Sunday, May 24th, 2009

It is possible to use multiple CSS classes on one HTML element. For example:

class="first second"

This is fantastic to produce reusable default styles that can be slightly overridden by the use of a second, third or fourth class. However, what becomes more interesting is that you can use both of the CSS classes in combination to create a more specific class.

For example, if the first class was ‘green’:


.first {
background-color: green;
}

and the ’second’ class was red:


.second {
background-color: red;
}

But when an element has both classes together ‘.first.second’ you get yellow.

.first.second {
background-color: yellow;
}

A point to note with the multiple classes is that the order is not important, for example: ‘.first.second’ is the same as ‘.second.first’.
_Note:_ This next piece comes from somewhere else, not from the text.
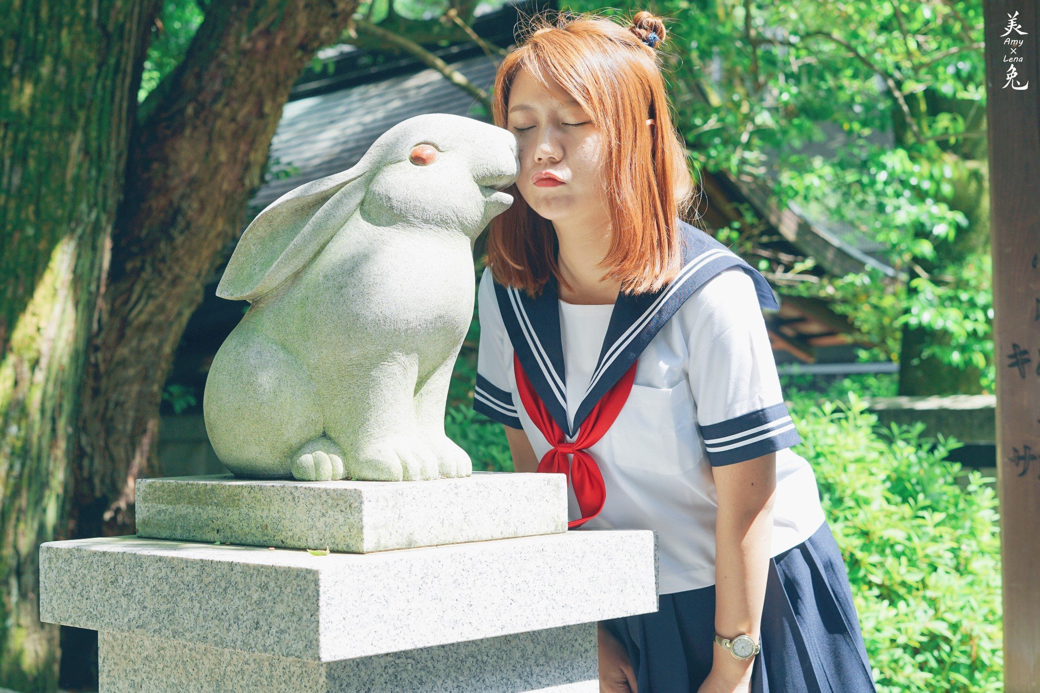 这里一切都与兔子有关,御神签是兔型的,御守也是兔型的。神社门前的,是呆萌的神兽兔,灯笼上绘制的,是安逸的祥云兔,主殿前举着左手的是招财兔,举着右手的是结缘兔,就连手水舍前,也是黑御影石做成的喷水兔。

However, there is a problem! In IE6, ‘.first.second’ works exactly the same way as ‘.second’. This is because IE6 doesn’t understand the chain of classes within a CSS selector, but instead only reads the last class in the chain.

Because of this we can’t safely use this technique if we want to support IE6. However, we can use it to create a IE6 CSS hack! To do this we add a random class that does not exist on the element before the real one and only IE6 will still match it. For example:


.ie6.third {
background-color: orange;
}

I have setup a demo page to demonstrate the multiple CSS classes & the IE6 CSS hack.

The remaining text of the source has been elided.